_Instructions for the task:_
Exactly as they stand, copy the lines from the one containing "Raspberry Pi 5 Set" to the final line of the data; leave out the pictures.

_Input data:_
----------------
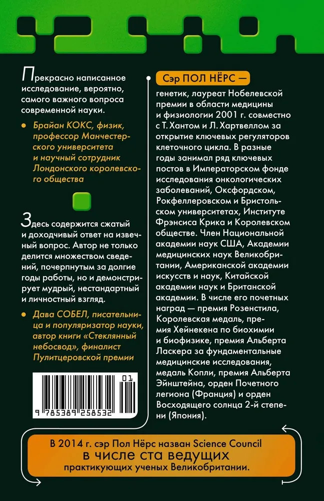 💳 Оплатить за товар можно при получении 🇰🇿 Есть бесплатная доставка по Казахстану от 1 дня 🎁 Копите бонусы с каждой покупки Серия: Научный интерес Жизнь окружает нас повсюду — разнообразная и изумительная. Жизнь не сравнима ни с чем и не устает нас поражать. Но что в действительности значит быть живым? Как устроена живая клетка? С чего началась жизнь и какова природа отношений, связывающих воедино всю жизнь на нашей планете? Нобелевский лауреат сэр Пол Нёрс в области медицины и физиологии посвятил много лет исследованию этих фундаментальных проблем — от происхождения жизни до эволюции. В книге «Чудо живой клетки» он, вслед за Дарвином, Докинзом, Хокингом и Аттенборо, объясняет природу самой жизни в форме, которая будет понятна каждому читателю. В этом удивительном путешествии мы окажемся в лаборатории современного исследователя, узнаем историю биологии и ее основные концепции и начнем лучше понимать природу жизни, процессы эволюции, генетику и многое другое. «На нас лежит особая ответственность за жизнь на этой планете, которая создана такой, какая она есть, нашими родственниками, близкими и не очень. Нам нужно хорошо относиться к ней и заботиться о ней. И для этого нужно ее понимать» (сэр Пол Нёрс). Ранее книга издавалась в серии «Научный интерес» под заголовком «Что такое жизнь? Понять биологию за пять простых шагов». |
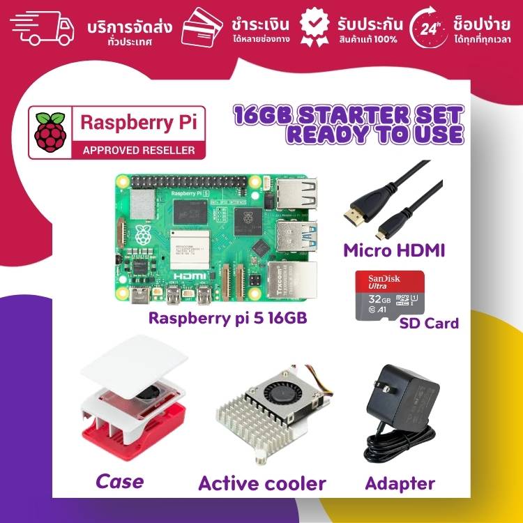 Raspberry Pi 5 Set เซ็ต Raspberry Pi 5 ครบชุด เหมาะสำหรับผู้เริ่มต้นและนักพัฒนา ที่ต้องการบอร์ดพร้อมใช้งานทันที ประกอบด้วยอุปกรณ์เสริมทั้งหมดที่จำเป็นต่อการใช้งาน บอร์ด Raspberry Pi 5 Raspberry Pi 5 Case... อ่านเพิ่มเติม
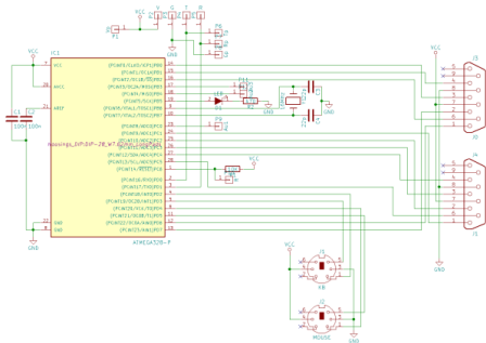 the code has been developed in about 2-3 hours, testing using Atari ST with TOS 1.x, and building a prototype on universal PCB took 2 times more :). The schematic is following (don't take it as 100% correct, better use pin description below):
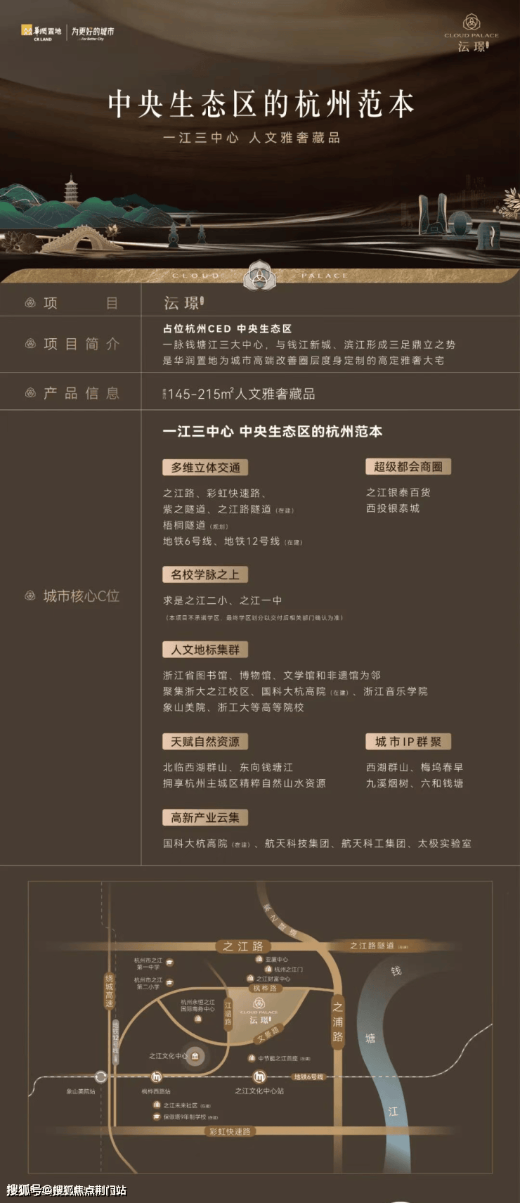 首先,你选择的是全杭州的轻奢板块之江,之江三方位辐射未科、钱新、滨江,且还在板块抬升,发展潜力明确!
----------------
_Your solution:_
 Raspberry Pi 5 Set เซ็ต Raspberry Pi 5 ครบชุด เหมาะสำหรับผู้เริ่มต้นและนักพัฒนา ที่ต้องการบอร์ดพร้อมใช้งานทันที ประกอบด้วยอุปกรณ์เสริมทั้งหมดที่จำเป็นต่อการใช้งาน บอร์ด Raspberry Pi 5 Raspberry Pi 5 Case... อ่านเพิ่มเติม
 the code has been developed in about 2-3 hours, testing using Atari ST with TOS 1.x, and building a prototype on universal PCB took 2 times more :). The schematic is following (don't take it as 100% correct, better use pin description below):
 首先,你选择的是全杭州的轻奢板块之江,之江三方位辐射未科、钱新、滨江,且还在板块抬升,发展潜力明确!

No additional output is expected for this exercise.